■ **The records**
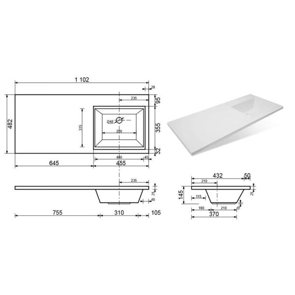 Умывальник Style Line Даллас/Эстетика СС-00000439 1100*480, правый купить
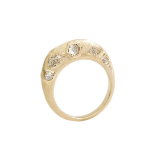 Flagstone Ring – 14k Yellow Gold with White Gold and Rose-Cut Diamonds
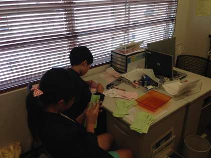 手際良く、書類を数えています。落ち着いて仕事に取り組んでいます。
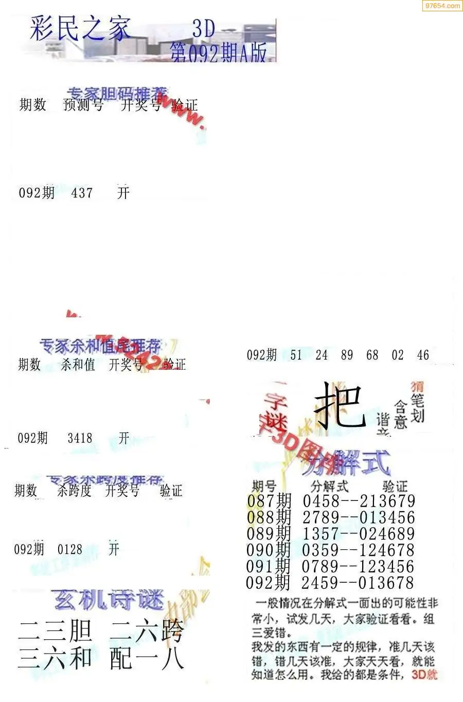 26092期3D彩民各类资料A版
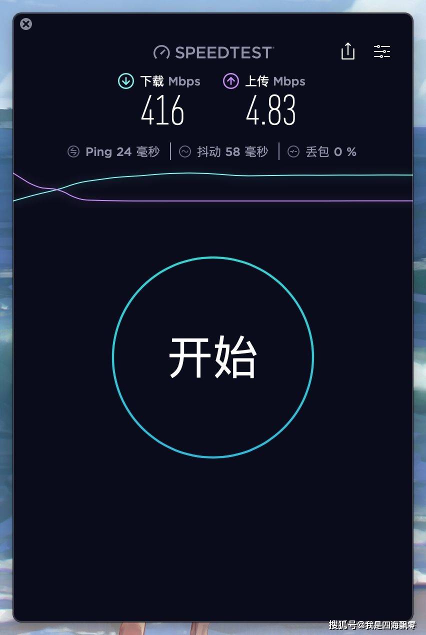 5G连接,SpeedTest For Mac 版本速度测量,下载:416 Mbps,上传:4.83 Mbps

■ **Aim of the task**
Without the pictures, repeat exactly the lines running from the line containing "26092期3D彩民各类资料A版" through the end of the data, both ends included.

■ **Result of this exercise**
 26092期3D彩民各类资料A版
 5G连接,SpeedTest For Mac 版本速度测量,下载:416 Mbps,上传:4.83 Mbps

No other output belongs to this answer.